Ни одному-то сердечному делу она не научилась. Не сумела и попрощаться с Савелием. Только и сказала обвисшим голосом, мелкими шажками отступая к порогу:
— Я русалкой-то бродить здесь буду, кого-нить ишо покличу.
Через два года из райцентра дошло известие, что Савелия уже нет в живых. В несколько месяцев его загрыз рак. Агафья решила: «На мягких, на покладистых людей и болезни накидываются легче. Они и для болезней слаще». И без жалости подумала о себе: «Ты-то вся из одной людской запусти, на тебя и там спросу нету».
Много спустя, уже когда умерла дочь и где-то торилась и для нее самой дорожка к отбытию, приснился ей сон, поразивший ее откровенным своим смыслом. Сон такой: у себя в избе сидит она на полу, неловко подвернув ноги на одну сторону и кренясь на другую, и сморит, смотрит неотрывно перед собой, ничего не видя… Справа от нее лежит дочь, слева Савелий.
— Ты, мама, лежишь? — спрашивает дочь.
— Нет, сидю.
Чуть позже голос Савелия слева:
— Ты легла, Агафья?
— Ишо сидю.
Через полгода под самый Покров, укрывающий землю белым саваном, накрыли и Агафью в домовине белым полотном и снесли на погост, поставили над нею тяжелый лиственничный крест. Скончалась она со спокойным лицом. Скончалась ночью в постели, а утром разгулялся ветер и громко, внахлест бил и бил ставнем по окну, пока не обратили внимания: что ж это хозяйка-то терпит? Стали окликать ее, а она уж далеко.
Изба осталась сиротой, наследников у Агафьи не оказалось. Зиму простояла она безжизненной — ни дымка, ни огонька, с закрытыми наглухо окнами, оцепеневшая, безуходная, холодная, скорбная.
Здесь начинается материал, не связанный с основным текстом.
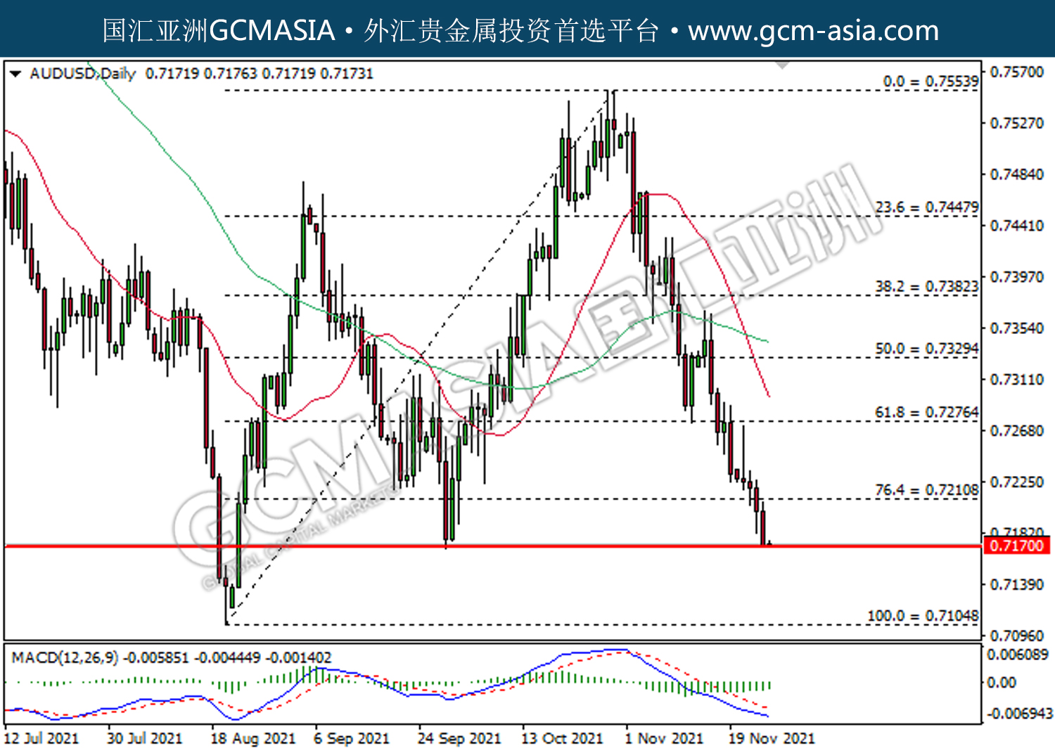 AUDUSD, Daily:澳美震荡下行。MACD依然显示空头信号,若下破可关注空头为主。上方关注0.7210压力和0.7275压力,下方关注0.7170支撑和0.7105支撑。

Снег завалил ее снизу и сверху, только ставнями и чернела она, уткнувшись в сумет. Люди отводили от нее глаза и, избегая ненужных размышлений, торопились пройти мимо. Ходило над нею холодное солнце, выли метели, с грохотом проносились по улице лесовозы, звучали голоса ребятишек, возвращающихся из школы, — ни на что Агафьина изба отозваться не могла, умершая безмогильно, наводящая на живых тяжелую тоску. Соседние избы невольно отжимались от нее, нахоженная по снегу тропка по переулку делала стыдливый отворот.